Note: I did not use AI at any point in the writing of this piece including drafting, writing, or editing. The pictures are all my own as well.
I have a piece I want to share. It is about having hope for more children and actively deciding to get pregnant even after two “bad” birth experiences. But I feel like before I can share that, I have to actually share my birth stories. I tried to distill them down to just a paragraph each in the aforementioned piece, but I just wasn’t doing myself or my babies justice by doing that. We went through a lot. And every time I’ve read stories similar to mine, I’ve let out a sigh of relief. Shame lifted off my shoulders. So today I’ll share the birth story of my first child, which I have never shared publicly before.
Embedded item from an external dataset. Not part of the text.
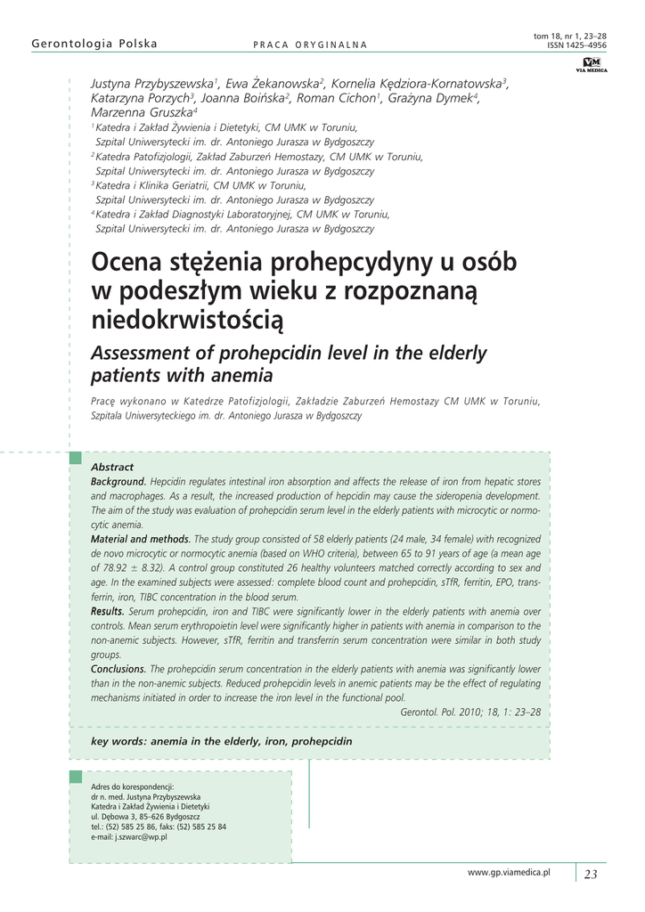 Gerontologia Polska tom 18, nr 1, 23–28 ISSN 1425–4956 PRACA ORYGINALNA Justyna Przybyszewska1, Ewa Żekanowska2, Kornelia Kędziora-Kornatowska3, Katarzyna Porzych3, Joanna Boińska2, Roman Cichon1, Grażyna Dymek4, Marzenna Gruszka4 1 Katedra i Zakład Żywienia i Dietetyki, CM UMK w Toruniu, Szpital Uniwersytecki im. dr. Antoniego Jurasza w Bydgoszczy 2 Katedra Patofizjologii, Zakład Zaburzeń Hemostazy, CM UMK w Toruniu, Szpital Uniwersytecki im. dr. Antoniego Jurasza w Bydgoszczy 3 Katedra i Klinika Geriatrii, CM UMK w Toruniu, Szpital Uniwersytecki im. dr. Antoniego Jurasza w Bydgoszczy 4 Katedra i Zakład Diagnostyki Laboratoryjnej, CM UMK w Toruniu, Szpital Uniwersytecki im. dr. Antoniego Jurasza w Bydgoszczy Ocena stężenia prohepcydyny u osób w podeszłym wieku z rozpoznaną niedokrwistością Assessment of prohepcidin level in the elderly patients with anemia Pracę wykonano w Katedrze Patofizjologii, Zakładzie Zaburzeń Hemostazy CM UMK w Toruniu, Szpitala Uniwersyteckiego im. dr. Antoniego Jurasza w Bydgoszczy Abstract Background. Hepcidin regulates intestinal iron absorption and affects the release of iron from hepatic stores and macrophages. As a result, the increased production of hepcidin may cause the sideropenia development. The aim of the study was evaluation of prohepcidin serum level in the elderly patients with microcytic or normocytic anemia. Material and methods. The study group consisted of 58 elderly patients (24 male, 34 female) with recognized de novo microcytic or normocytic anemia (based on WHO criteria), between 65 to 91 years of age (a mean age of 78.92 ± 8.32). A control group constituted 26 healthy volunteers matched correctly according to sex and age. In the examined subjects were assessed: complete blood count and prohepcidin, sTfR, ferritin, EPO, transferrin, iron, TIBC concentration in the blood serum. Results. Serum prohepcidin, iron and TIBC were significantly lower in the elderly patients with anemia over controls. Mean serum erythropoietin level were significantly higher in patients with anemia in comparison to the non-anemic subjects. However, sTfR, ferritin and transferrin serum concentration were similar in both study groups. Conclusions. The prohepcidin serum concentration in the elderly patients with anemia was significantly lower than in the non-anemic subjects. Reduced prohepcidin levels in anemic patients may be the effect of regulating mechanisms initiated in order to increase the iron level in the functional pool. Gerontol. Pol. 2010; 18, 1: 23–28 key words: anemia in the elderly, iron, prohepcidin Adres do korespondencji: dr n. med. Justyna Przybyszewska Katedra i Zakład Żywienia i Dietetyki ul. Dębowa 3, 85–626 Bydgoszcz tel.: (52) 585 25 86, faks: (52) 585 25 84 e-mail: [email protected] www.gp.viamedica.pl 23 Gerontologia Polska 2010, tom 18, nr 1 Wstęp Niedokrwistość u osób w podeszłym wieku stanowi istotny problem opieki zdrowotnej. Częstość występowania niedokrwistości w populacji osób powyżej 60. roku życia waha się w szerokim zakresie (3–61%) i dotyczy szczególnie pacjentów hospitalizowanych oraz podopiecznych domów opieki społecznej [1– –3]. Niedokrwistość u starszych osób znacząco wpływa na pogorszenie jakości życia i dodatkowo stanowi niezależny czynnik ryzyka zwiększonej śmiertelności, zaburzeń naczyniowo-mózgowych oraz sercowo-naczyniowych [3–5]. W badaniu Third National Health and Nutrition Examination Study (NHANES III) wykazano 3 główne przyczyny występowania anemii w populacji geriatrycznej [6] obserwowane w prawie jednakowym odsetku: — utrata krwi i/lub niedobory pokarmowe obejmujące żelazo, kobalaminę, kwas foliowy (ok. 34%); — przewlekły proces zapalny (ok. 32%) towarzyszący wielu jednostkom klinicznym, w tym chorobom nerek, reumatycznym oraz nowotworowym; — tło niewyjaśnione (ok. 34%) [6]. W dotychczasowych badaniach biologicznych oraz nielicznych doniesieniach klinicznych wskazuje się na istotną rolę hepcydyny w patomechanizmie niedokrwistości wtórnych. Hepcydyna jest krótkim, bogatym w cysteinę peptydem o masie cząsteczkowej około 3 kDa, wyizolowanym po raz pierwszy w 2000 roku przez 2 niezależne zespoły. Krause i wsp. [7] wyizolowali peptyd z ultrafiltratu krwi, nazywając go LEAP-1 (liver-expressed antimicrobial peptide) ze względu na zaobserwowane w trakcie badań właściwości antybakteryjne i przeciwgrzybicze oraz najsilniej wyrażoną ekspresję genu dla LEAP-1 w wątrobie. Park i wsp. [8] udało się wyizolować opisywany hormon z ludzkiego moczu. W tym przypadku dla nowo odkrytego hormonu zaproponowano określenie hepcydyna, wywodzące się od hepatocyte (czyli głównego miejsca syntezy), bactericidal (czyli działania bakteriobójczego) oraz budowy chemicznej, czyli protein [8]. W najnowszych badaniach wykazano, że synteza hepcydyny zachodzi także w aktywowanych bakteriami granulocytach obojętnochłonnych oraz makrofagach [9]. Oprócz wątroby ekspresję genu dla hepcydyny obserwuje się także w sercu, mózgu, płucach, migdałkach, tchawicy, śliniankach, prostacie, tarczycy, pęcherzu moczowym, żołądku oraz nerkach, jednak w tych narządach, w warunkach fizjologicznych jest ona nieporównywalnie niższa [7, 10, 11]. Hepcydyna syntetyzowana jest pierwotnie jako prepropeptyd o długości 84 aminokwasów, w którego strukturze wyróżnia się: złożoną z 24 reszt 24 www.gp.viamedica.pl aminokwasowych sekwencję sygnałową (N-koniec), 35-aminokwasowy proregion oraz w części C-końcowej, obejmujący 25 reszt aminokwasowych, peptyd właściwy [7, 8, 12, 13]. Zaangażowanie hepcydyny w ogólnoustrojową homeostazę żelaza obejmuje hamowanie absorpcji żelaza pokarmowego ze światła enterocytów absorpcyjnych oraz hamowanie uwalniania żelaza zapasowego z komórek układu siateczkowo-śródbłonkowego. Hepcydyna wpływa na gospodarkę żelazową poprzez oddziaływanie z ferroportyną (Fpn) [14]. Ferroportyna jes

Some background information: I actually became a doula about 2 years before I got pregnant, so I was on the homebirth-unmedicated-labor train for a while already. I imagined my first birth in a birth center, but in Connecticut where we were living, the closest one was over an hour away if you were not driving during rush hour… so that option was out.
Looking back, my first pregnancy was the most challenging so far. I had just begun teaching full time in a town that was an hour and a half away in rush hour traffic headed toward New York City. I awoke each morning at 5, ate breakfast, and did my best to get to school dressed and with a happy face by 7 am. School got out by 3:30, but I did not get home until 5 or later – just in time to eat the dinner my husband so lovingly made and then collapse into bed at 7 pm just to do it all again the next day. Morning sickness ruled my life between the hours of 8 am and 5 pm until I was about 15 weeks along. By the time I was about 6 weeks pregnant I was falling asleep during all of my planning periods and recess. I was also in and out of the hospital with what I found out was a fibroid causing level 10 pain that we all thought was an ectopic pregnancy. It was not. I had to tell my principle at 10 weeks pregnant that I would be starting my maternity leave when I reached 36 weeks because I feared going into labor while at school and having to drive myself home in bumper-to-bumper traffic through contractions.
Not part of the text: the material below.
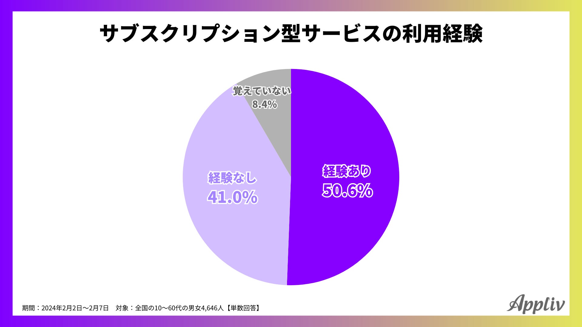 事前調査で10~60代の男女4,646人を対象に、サブスクリプション型サービスを利用したことがあるか調査した結果、「経験あり」が50.6%、「経験なし」が41.0%と、利用経験者がやや上回る結果となりました。

I hired a homebirth midwife, but I still received my anatomy scan from the hospital who oversaw my care with the fibroid (which we decided to let be). The fibroid had grown a bit by 20 weeks, so they asked me to come back for a 28 week scan to check on it. At 23 weeks I started feeling like my blood sugar was off so I borrowed a friend’s blood glucose monitor. Two weeks later, I informed my midwives that I had gestational diabetes, and they began monitoring my numbers and trouble shooting with me. I employed all the “tricks”: inositol, ACV, oat straw, etc. Things were going well, I enjoyed the second trimester a lot.
At the 28 week scan, I was informed that my baby was in the 90th percentile and I had too much amniotic fluid. The doctor told me this is indicative of uncontrolled diabetes, but this was strange because most conventional doctors don’t even test for gestational diabetes until 28 weeks and I had already been trouble shooting mine for over a month at that point. I began to wonder if the fact that I got COVID at 21 weeks had anything to do with all of this. We all got a little freaked out, but pushed on, knowing these late scans are usually wrong. Even so, my midwife coached me on what we would do if a shoulder dystocia happened. Homebirth midwives receive a lot more training about how to resolve shoulder dystocias physiologically compared to OB’s, so I felt I was in the safest hands.
Around 32 weeks, our landlord informed us she would be increasing the rent by $300 a month, and if we couldn’t pay it and renew our lease we would need to be out by June 30th. We could already barely afford our rent as it was. I explained I was due with my first baby on May 30th, and could very well go two weeks into June. Could we possibly have a few extra weeks or an extra month? She said no. We asked my husband’s job about transferring to a few different locations where we thought it would be easier to afford me being a stay at home mom. In two weeks they had two positions we could choose from: Ashland, North Carolina or Greenville, South Carolina. We chose South Carolina, with plans to move July 1st.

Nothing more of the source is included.